In a keynote address at a symposium organised by The Sports Law & Policy Centre, Bengaluru last year, Goldblatt said there is no global solution to the climate crisis that does not include India. The debate on sport and climate, he said, “has lacked an Indian input.”

Sport involves stadium construction, use of non-recyclable equipment, and much air travel, so it is a contributor to the crisis. It is a victim too as recent events have shown.

At the 2014 Australian Open tennis, with temperatures above 40 degrees, Canadian player Frank Dancevic began hallucinating on court before vomiting and quitting. Eight others were forced to retire in the first round. Croatian Ivan Dodig said later, “I thought I would die on court.” Caroline Wozniacki’s water bottle melted as did Wilfred Tsonga’s sneakers. A thousand fans were treated for heat exhaustion.

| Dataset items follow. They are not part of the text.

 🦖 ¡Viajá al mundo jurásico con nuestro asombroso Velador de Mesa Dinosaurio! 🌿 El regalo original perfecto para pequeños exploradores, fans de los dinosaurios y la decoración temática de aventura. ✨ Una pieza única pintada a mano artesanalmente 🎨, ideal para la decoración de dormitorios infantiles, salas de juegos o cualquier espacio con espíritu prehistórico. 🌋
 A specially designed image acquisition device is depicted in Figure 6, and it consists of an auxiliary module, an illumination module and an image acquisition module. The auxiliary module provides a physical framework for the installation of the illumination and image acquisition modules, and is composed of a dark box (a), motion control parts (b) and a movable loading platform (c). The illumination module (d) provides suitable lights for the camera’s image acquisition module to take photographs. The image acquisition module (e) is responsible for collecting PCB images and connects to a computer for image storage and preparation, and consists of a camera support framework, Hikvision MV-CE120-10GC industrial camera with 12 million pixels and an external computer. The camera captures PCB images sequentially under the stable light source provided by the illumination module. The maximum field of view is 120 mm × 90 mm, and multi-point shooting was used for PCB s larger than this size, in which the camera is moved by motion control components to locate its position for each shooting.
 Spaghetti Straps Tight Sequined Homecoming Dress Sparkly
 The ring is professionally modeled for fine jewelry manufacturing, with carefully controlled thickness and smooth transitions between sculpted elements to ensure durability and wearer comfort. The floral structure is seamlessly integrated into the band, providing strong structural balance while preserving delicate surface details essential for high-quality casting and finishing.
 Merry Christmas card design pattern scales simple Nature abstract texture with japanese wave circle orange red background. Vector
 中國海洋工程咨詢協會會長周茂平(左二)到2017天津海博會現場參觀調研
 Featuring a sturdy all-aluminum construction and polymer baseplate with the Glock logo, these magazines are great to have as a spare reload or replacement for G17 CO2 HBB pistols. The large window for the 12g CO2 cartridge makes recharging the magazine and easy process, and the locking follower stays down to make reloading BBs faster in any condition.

The rugby World Cup in 2019 was disrupted by pacific typhoons, next year the Australian Open tennis had to deal with the smoke from the bush fires. The marathon event at the Tokyo Olympics had to be moved north to a less sweltering venue.

Of the 19 venues where the winter Olympics have been held, only six will be able to by 2080. Lack of snow was already a complaint at the 2014 Sochi Olympics. There is talk of shifting the Boxing Day Test in Melbourne to cooler March — summer maximums are expected to reach 50 degrees.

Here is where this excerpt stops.